• **Task brief**
Set down, exactly as they stand, the lines from the one containing "Les descendants des" through the last line of the records below, leaving every picture out.

[Data records]
——
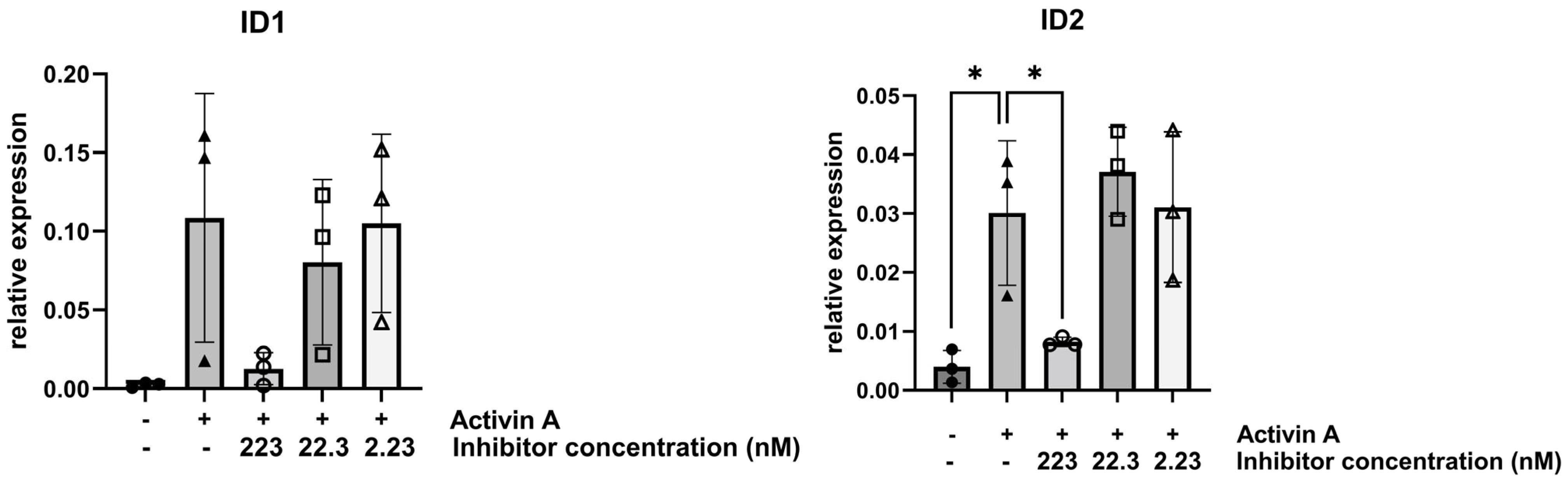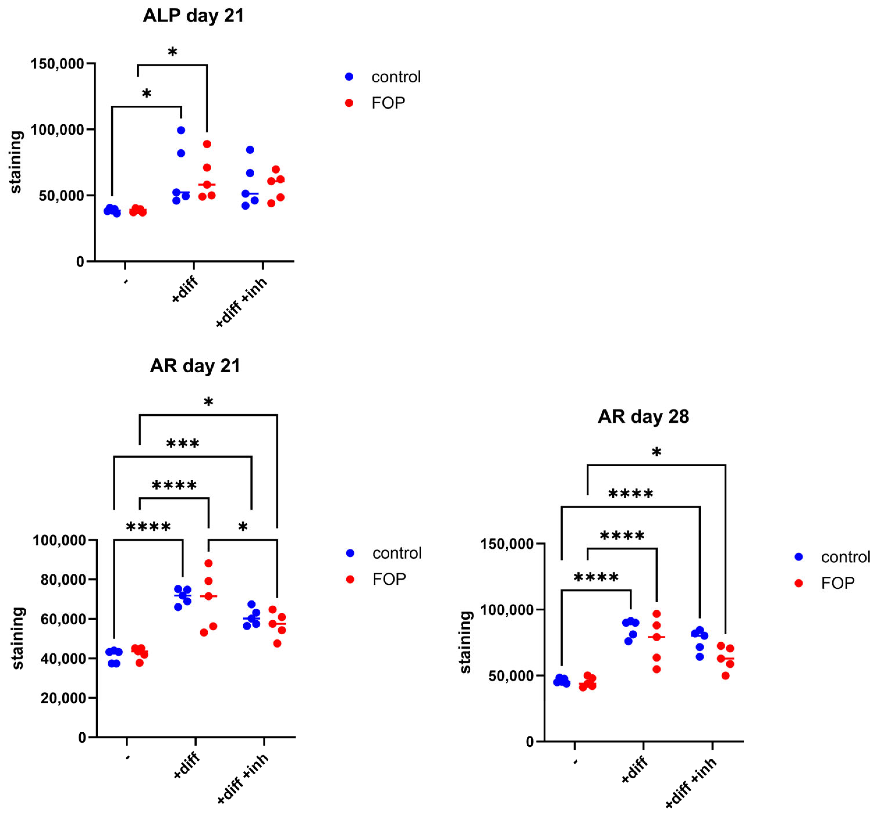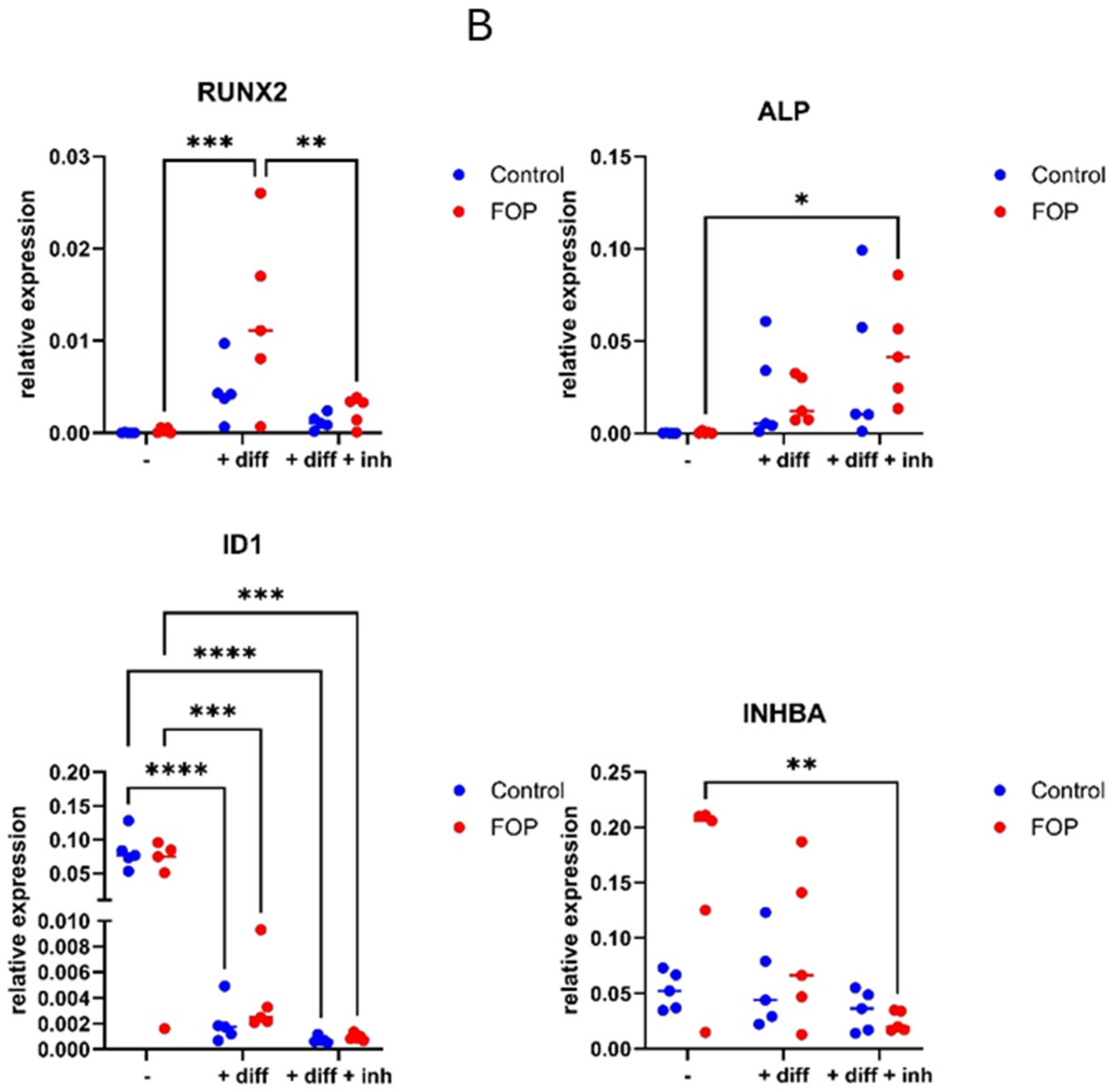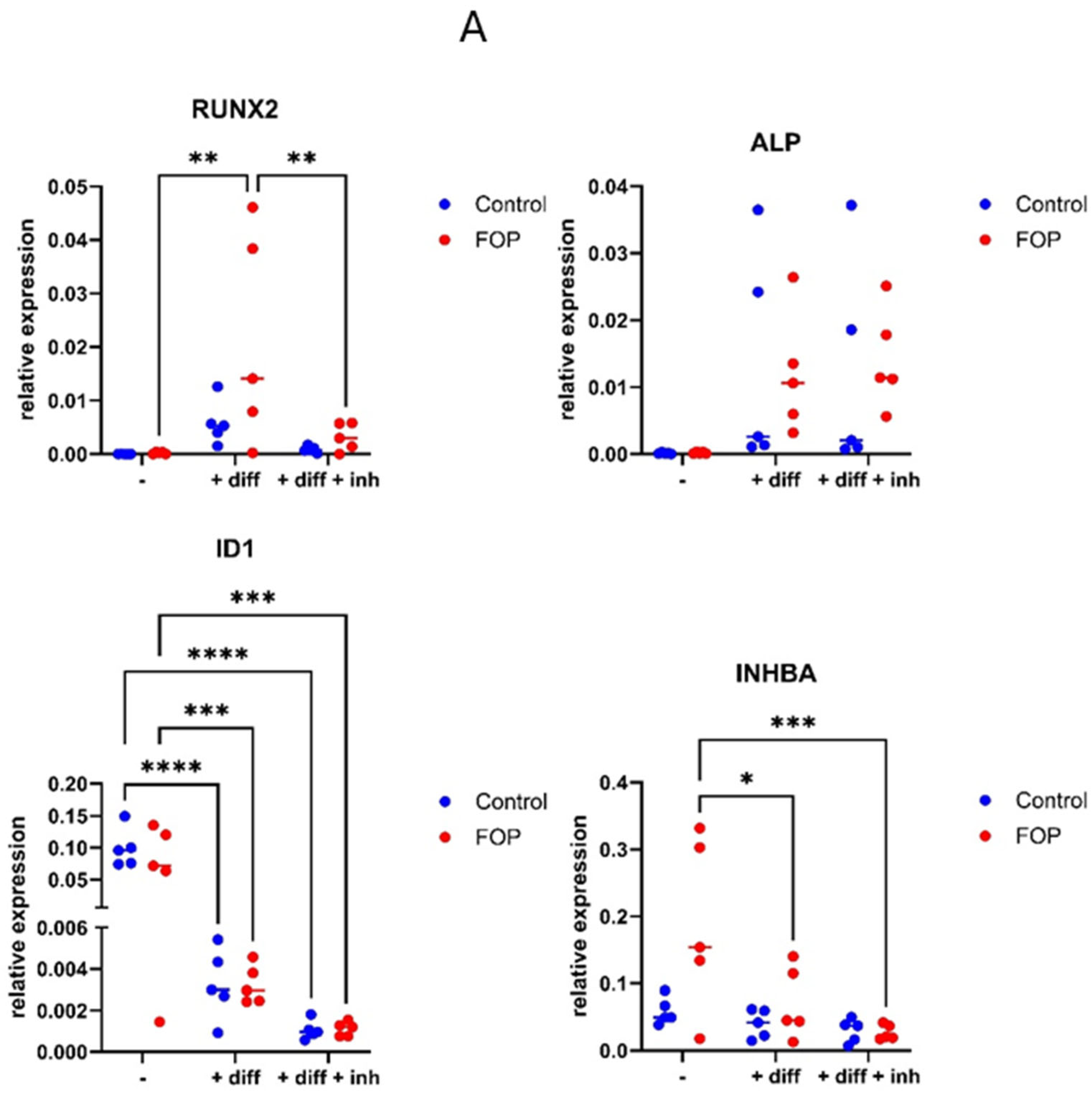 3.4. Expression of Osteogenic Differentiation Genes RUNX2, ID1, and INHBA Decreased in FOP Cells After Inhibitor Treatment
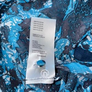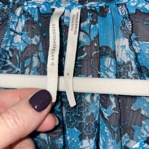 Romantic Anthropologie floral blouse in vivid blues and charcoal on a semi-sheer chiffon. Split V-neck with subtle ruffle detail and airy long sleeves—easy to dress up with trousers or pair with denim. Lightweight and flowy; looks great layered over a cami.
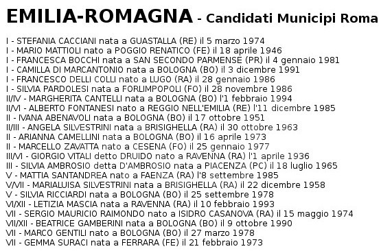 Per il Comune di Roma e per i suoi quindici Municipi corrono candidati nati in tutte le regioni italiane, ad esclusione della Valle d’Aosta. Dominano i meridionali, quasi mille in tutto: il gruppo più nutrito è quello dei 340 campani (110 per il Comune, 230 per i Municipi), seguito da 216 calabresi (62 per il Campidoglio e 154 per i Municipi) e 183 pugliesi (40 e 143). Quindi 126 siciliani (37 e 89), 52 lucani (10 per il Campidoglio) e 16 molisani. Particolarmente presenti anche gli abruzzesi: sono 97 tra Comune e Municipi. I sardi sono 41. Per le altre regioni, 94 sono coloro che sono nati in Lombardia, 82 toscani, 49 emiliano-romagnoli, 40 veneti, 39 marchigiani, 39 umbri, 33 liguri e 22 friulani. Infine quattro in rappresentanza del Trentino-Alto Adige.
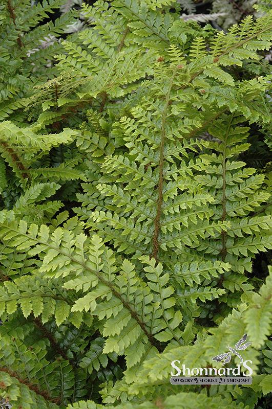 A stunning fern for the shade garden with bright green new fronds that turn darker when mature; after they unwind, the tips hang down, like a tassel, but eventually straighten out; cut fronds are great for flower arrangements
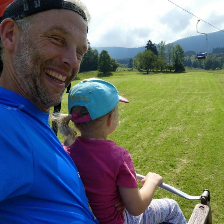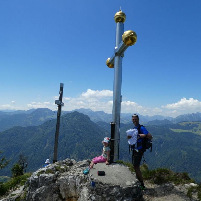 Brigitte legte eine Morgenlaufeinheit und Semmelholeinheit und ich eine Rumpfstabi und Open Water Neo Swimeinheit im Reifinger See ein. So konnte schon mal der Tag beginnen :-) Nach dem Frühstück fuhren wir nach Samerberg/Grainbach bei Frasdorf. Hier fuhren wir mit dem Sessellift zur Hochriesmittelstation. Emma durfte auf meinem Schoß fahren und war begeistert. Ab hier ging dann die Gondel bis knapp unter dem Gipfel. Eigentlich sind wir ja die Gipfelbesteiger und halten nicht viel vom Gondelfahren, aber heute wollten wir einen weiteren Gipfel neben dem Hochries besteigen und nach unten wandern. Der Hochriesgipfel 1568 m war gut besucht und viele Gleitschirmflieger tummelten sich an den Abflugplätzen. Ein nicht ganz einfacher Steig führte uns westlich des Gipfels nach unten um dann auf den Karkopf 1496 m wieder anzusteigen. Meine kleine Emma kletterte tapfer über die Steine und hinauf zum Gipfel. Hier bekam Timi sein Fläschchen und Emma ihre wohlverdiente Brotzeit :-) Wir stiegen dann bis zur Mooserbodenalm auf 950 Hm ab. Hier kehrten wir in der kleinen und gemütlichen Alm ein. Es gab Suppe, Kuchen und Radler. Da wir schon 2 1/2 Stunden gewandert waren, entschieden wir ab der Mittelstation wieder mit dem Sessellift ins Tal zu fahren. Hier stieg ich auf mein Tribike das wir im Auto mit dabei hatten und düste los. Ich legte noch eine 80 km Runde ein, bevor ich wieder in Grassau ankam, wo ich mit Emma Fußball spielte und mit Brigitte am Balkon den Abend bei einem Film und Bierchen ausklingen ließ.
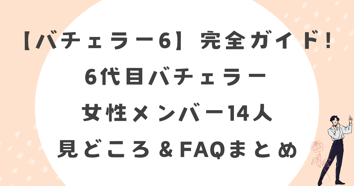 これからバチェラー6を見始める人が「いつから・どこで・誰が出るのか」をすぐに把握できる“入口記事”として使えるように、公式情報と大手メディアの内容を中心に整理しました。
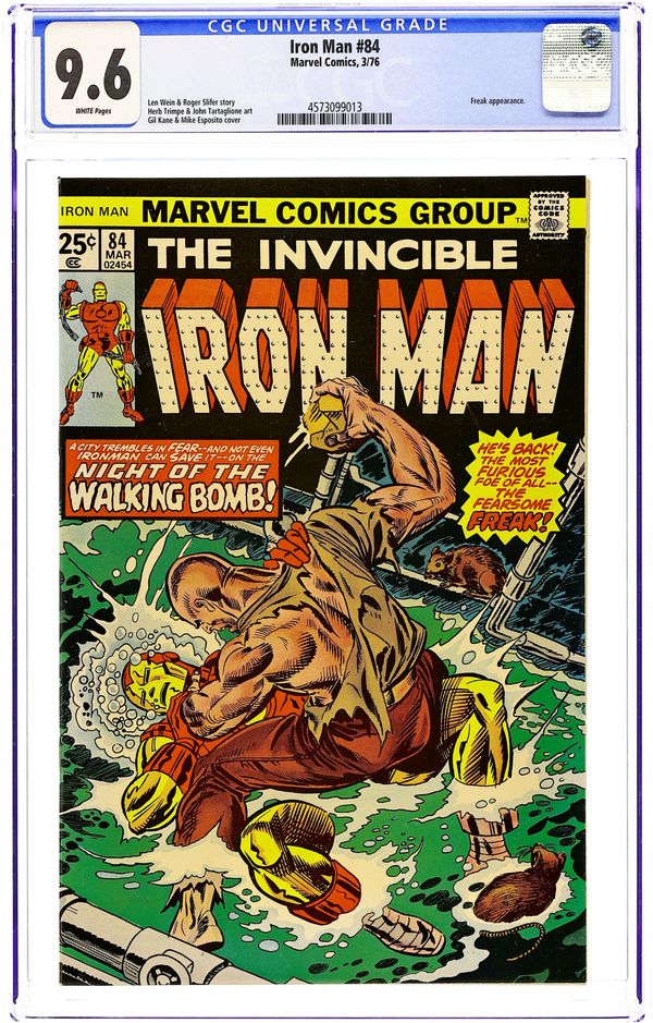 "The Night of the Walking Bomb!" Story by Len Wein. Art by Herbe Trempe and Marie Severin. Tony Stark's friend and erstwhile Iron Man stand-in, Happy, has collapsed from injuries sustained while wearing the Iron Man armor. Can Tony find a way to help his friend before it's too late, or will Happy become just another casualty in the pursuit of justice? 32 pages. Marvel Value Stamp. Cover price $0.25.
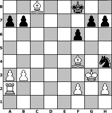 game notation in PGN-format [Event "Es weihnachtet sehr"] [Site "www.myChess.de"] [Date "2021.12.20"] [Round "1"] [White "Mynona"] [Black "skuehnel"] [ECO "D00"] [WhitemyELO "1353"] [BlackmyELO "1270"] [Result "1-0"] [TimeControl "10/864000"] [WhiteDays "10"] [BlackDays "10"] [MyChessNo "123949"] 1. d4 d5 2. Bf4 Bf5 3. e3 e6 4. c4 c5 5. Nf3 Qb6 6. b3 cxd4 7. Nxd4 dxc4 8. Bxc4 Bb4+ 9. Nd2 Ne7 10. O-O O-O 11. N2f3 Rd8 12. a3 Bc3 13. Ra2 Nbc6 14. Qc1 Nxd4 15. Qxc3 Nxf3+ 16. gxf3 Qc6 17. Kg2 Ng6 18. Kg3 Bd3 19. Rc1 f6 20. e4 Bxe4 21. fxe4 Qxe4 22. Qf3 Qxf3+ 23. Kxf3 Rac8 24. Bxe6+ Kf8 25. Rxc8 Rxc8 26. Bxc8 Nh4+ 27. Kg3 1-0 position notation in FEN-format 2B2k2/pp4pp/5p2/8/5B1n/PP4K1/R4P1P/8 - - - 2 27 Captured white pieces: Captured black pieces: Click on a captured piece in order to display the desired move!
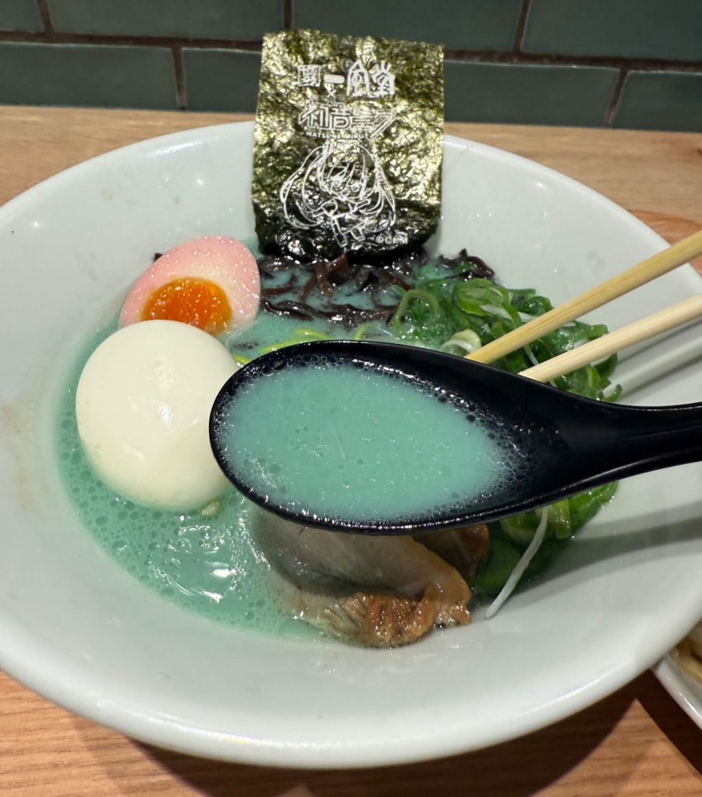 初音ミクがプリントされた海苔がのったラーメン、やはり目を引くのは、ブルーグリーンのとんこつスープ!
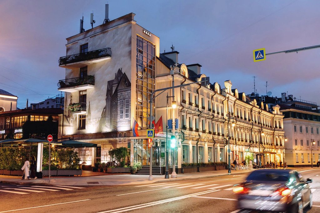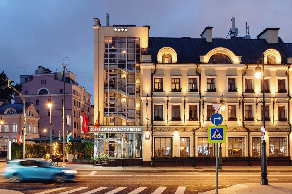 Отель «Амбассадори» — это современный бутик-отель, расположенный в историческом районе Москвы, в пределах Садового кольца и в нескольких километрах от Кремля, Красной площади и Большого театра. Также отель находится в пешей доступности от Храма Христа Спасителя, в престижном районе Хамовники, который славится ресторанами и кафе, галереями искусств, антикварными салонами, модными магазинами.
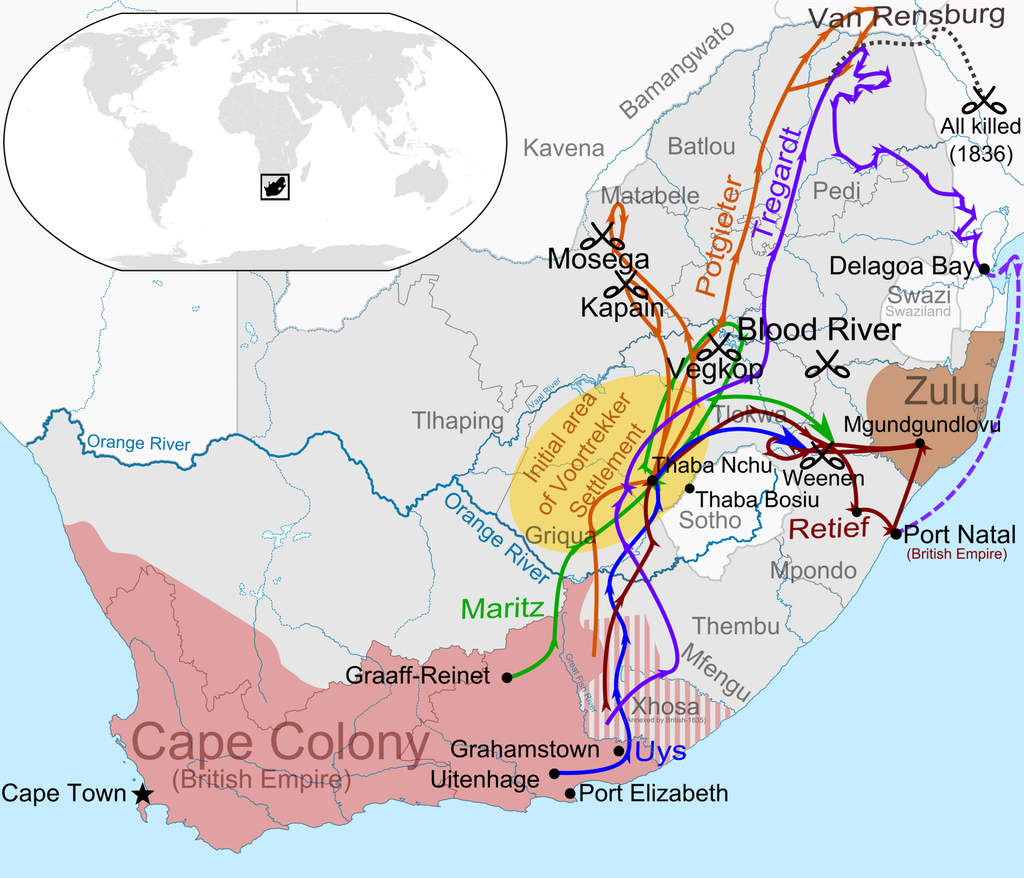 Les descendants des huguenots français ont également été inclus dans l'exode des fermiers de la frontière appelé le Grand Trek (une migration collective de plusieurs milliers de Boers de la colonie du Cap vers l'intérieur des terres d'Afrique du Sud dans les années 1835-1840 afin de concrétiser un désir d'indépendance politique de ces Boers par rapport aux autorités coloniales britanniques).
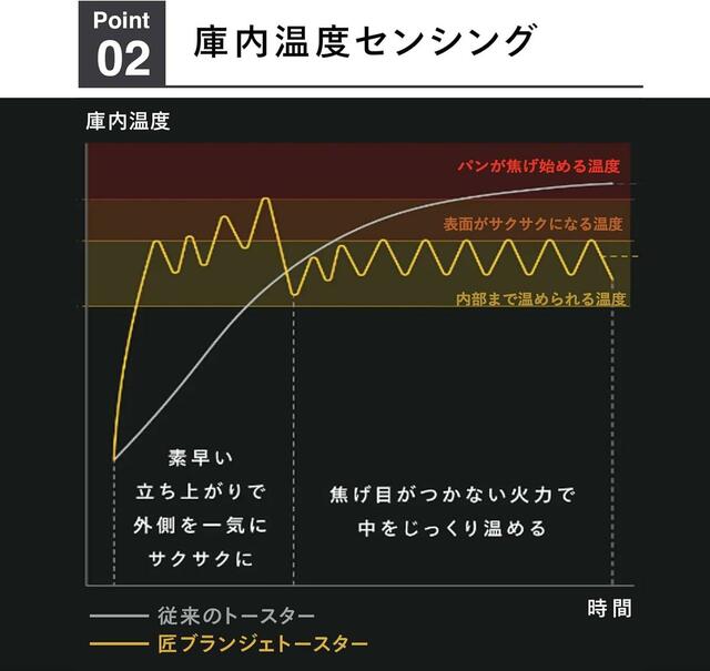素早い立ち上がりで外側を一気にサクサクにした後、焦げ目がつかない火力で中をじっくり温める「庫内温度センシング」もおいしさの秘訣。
——
• **Answer to this exercise**
 Les descendants des huguenots français ont également été inclus dans l'exode des fermiers de la frontière appelé le Grand Trek (une migration collective de plusieurs milliers de Boers de la colonie du Cap vers l'intérieur des terres d'Afrique du Sud dans les années 1835-1840 afin de concrétiser un désir d'indépendance politique de ces Boers par rapport aux autorités coloniales britanniques).
素早い立ち上がりで外側を一気にサクサクにした後、焦げ目がつかない火力で中をじっくり温める「庫内温度センシング」もおいしさの秘訣。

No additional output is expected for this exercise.